If you want a deeper explanation look into this blog post from the people that made frunk, they have quite a few more that dig into the details of how frunk works!

Hi,
thanks for the links... so I need to dig into the reading of those helpful stuff. As I try to do the things on an embedded system there is no_std... Hopefully frunk can still support here. At the first look it's overwhelming and I really need some time to understand what is going on there :wink:

Thanks a ton for writing up the example and provide the comments to it! Much appreciated...

Since compiler won't be able to know about runtime data, I don't think you will be able to escape validation of tag presence in your struct during runtime. Either in your code or in a library that you are going to use. BTW, what you doing is pretty similar to AnyMap crate, if you look at their source maybe there will be some answers. I would just use their data structure and add serde serializers/deserializers on top.

Alternatively to your approach what you can do is turn your tags into enum, pack them into a stream-like and process data with a match statement one by one, though it might take more space due to enum's property.

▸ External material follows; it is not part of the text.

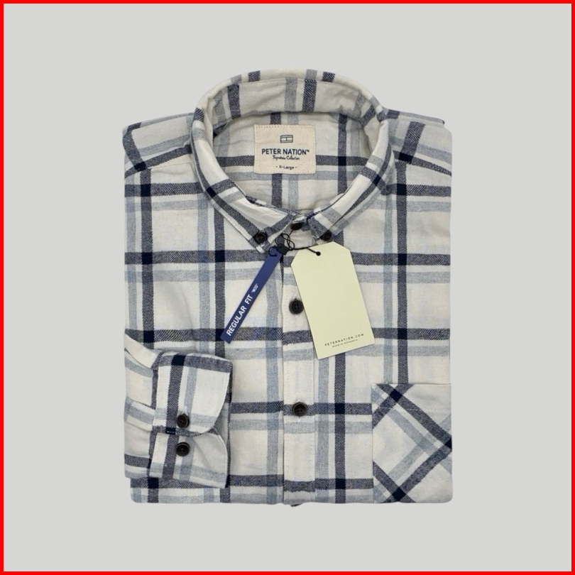 Peternation Kemeja Flanel Pria Wool Basic Panjang Broken White Regular Fit

Yes type level metaprogramming looks really confusing, the is largely due to the obtuse syntax required, and handling all edge cases up front. Fortunately, it does get better the more you work with it, although I'm not sure if I will completely understand the subtle transformations.

Hi @dunnock,

thanks for given me the direction towards AnyMap. However, as I'm targeting embedded system with no_std I thought Streams and serde would be no fit into this, but I might need to elaborate this as well. Thanks again :slight_smile:

Hi @KrishnaSannasi,

I guess I now have a glimps how your proposed implementation is working. At least how it grows the TagList and keeps track of the types. It's using some kind of builder pattern. I was really surprised that the underling memory consumption is really "packed" and reflect the sort of byte buffer already as I'd like to have it. Really neat.

However, the way how the determination/finding of the right Tag based on it's type works is still a bit foggy. Even though, I have not managed to access the Tag from the list if it appears more than once.

Please check this Playground where I trued different approaches but none worked, I guess because my lack of knowledge whats going on behind the scenes for this thing..

So I'm seeking a hint again :wink:
Thanks in advance

The second argument of find should have the form Here, Next<Here>, Next<Next<Here>>, ...

It represents an integer,

  • Here is 0, so 0 steps from the end of the list.
  • Next<N> represents N + 1

So, Next<Next<Here>> is 2 away from the end of the list

In this case, you can do

let foo_tag = mailbox.find::<FooTag, Next<Here>>();
let foo_tag = mailbox.find::<FooTag, Next<Next<Here>>>();

Because we are counting from the end of the list

[foo1, foo2, bar]
             ^ this is 0, and going backwards is
               adding a layer of `Next<_>`

Hey thanks, this makes totally sense...
Is it fine when I use your proposal with some tailored enhancements to my specific use case in a crate of mine?

This isn't my own, this is from frunk, that's licensed with MIT so it should be fine

Ok thanks, so I will put at least a reference to frunk than :slight_smile:

1 Like

I'm not sure but I think I wrote something "similar": https://crates.io/crates/linebuffer although I have a ring-buffer underneath it, so it's not an endless storage.

Hi,
thanks for suggestion of your crate. If I get this right it can store a bunch of data of the same type (eg. Byte Array) really conveniently, however one of my main requirements would be storage and retrieval of data of different types into the buffer without unsafe and type casting from/to byte buffers. But if I did not got this right and missed a feature of your crate I might give a second look at it :wink:

Otherwise Iโ€™m quite happy with the meta-type-recursion-proposal for the moment

Ah, yeah, then I've got this wrong.
It's just storing a tuple of bytes with an flag type you can define. So for example (String::from("hello").as_bytes(),1), you could use to specify the type of your data. But I think the other proposal is better suited for your case.